Hello, I’m working with the full count 1940 census in Stata. Inconsistently, some of the values for erscore50 are labeled and imply an actual value of an order of magnitude smaller (see screenshot below). For example, the label for observations with an erscor50 of 44 imply an actual erscor50 of 4.4. I’ve noticed this only seems to happen for integers, which makes me think the integer is the actual value (i.e. 44 is the actual value, not 4.4). But, I don’t know for sure and I can’t find anything about this. Does anyone know for sure? Thanks!
I may not be understanding, but it should have one implied decimal, right? “ERSCOR50 has one implied decimal. For example, an ERSCOR50 value of 0061 should be interpreted as 6.1. This division is performed automatically in the extract setup files.”
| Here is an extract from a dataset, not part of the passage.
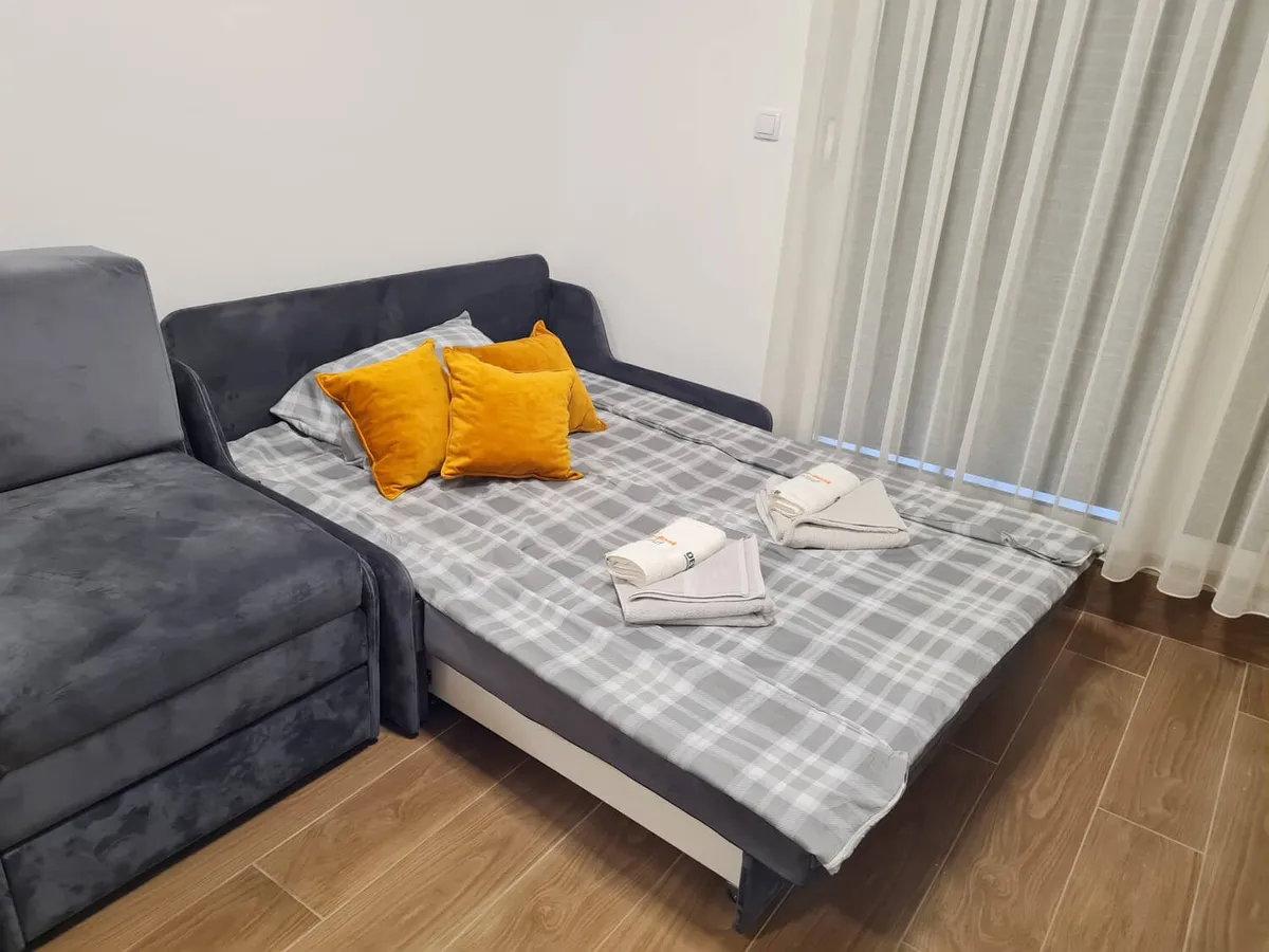 Smeštaj je tipa studo i opremljen je za boravak 2 + 1 osobe. Gostima je na raspolaganju kompletno opremljena kuhinja, kupatilo i velika terasa.
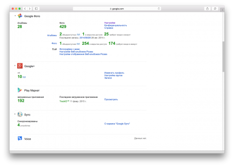 «Google Фото» — данный раздел посвящён фотографиям. Здесь можно узнать, сколько у вас альбомов, сколько в них фотографий, и какие фотографии из них общедоступны, а какие нет.

Thank you for bringing our attention to this issue. You’re correct that here is an error in the data label. The correct value is provided in the data code and should be used without the accompanying label. In the example that you shared, 44 is the correct value and the 4.4 label should be disregarded.
While the original fixed-width .dat data files have one implied decimal place, in formatted data files (such as your Stata extract) this division is performed automatically. As a result, the provided data code is correct while the labels add an unnecessary additional decimal point in cases where the value is an integer. I’ve shared your findings with my colleagues on the data team who will investigate further and fix this discrepancy.